I feel like our house is getting pulled over.
they just dont make restraining orders like they used to.
Is it wrong that I didn't stop masterbating when the credit card company called?
did you answer or finish?
both
he was shitfaced drunk and couldn't walk but could still recite the top 10 in order from the first season of american idol. impressive
i gave you head in a backbend. if that doesnt say happy birthday i dont know what does.
Bath mats should not be used at mops. they don't work. consider this a drunk psa
Crumbling up chips, putting them in salsa, eating with spoon. New level of stoner fatassery. Its so genius/delicous i'm not even ashamed
After he finished his girlfriend called him. I sat there, tied his shoes for him, then he high fived me and said "this is gonna be a great summer steph"
It's like I'm snorkeling in an ocean of tequila.
I should probably go to bed before I start to care about why I started drinking in the first place.
A guy wearing a shirt that says "eat shit and die motherfucker" just held open a door for me. He's got manners.

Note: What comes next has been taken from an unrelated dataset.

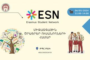 Ս. թ մայիսի 6-ին՝ ժամը 11:00-ից, ԲՊՀ 2-րդ մասնաշենքում տեղի է ունենալու հանդիպում «Էրազմուս + ուսանողական ցանց» («Erasmus+ Network Student») կազմակերպության ներկայացուցիչների հետ:
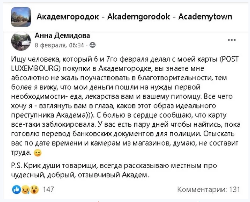 – Ищу человека, который 6 и 7 февраля делал с моей карты (Post Luxembourg) покупки в Академгородке. Вы знаете, мне абсолютно не жаль поучаствовать в благотворительности, тем более я вижу, что мои деньги пошли на предметы первой необходимости – еду, лекарства. Всё, чего хочу я, – взглянуть вам в глаза. Каков образ идеального преступника Академа? – написала Анна Демидова.

when I came to get Jamie there was a cop standing outside with her, made me roll down my window to tell me "she's got to go cause she won't keep her shirt buttoned"
I've been on this train for an hour and this women has been on the phone and all she's said is "guuurrrrrlllll, gurl, gurl." I may commit suicide.
I'm prostituting myself for tickets to Disney World. There's a contradiction there.
It's three am. I'm drunk in a stairwell in Vegas. My flight leaves at six. Help.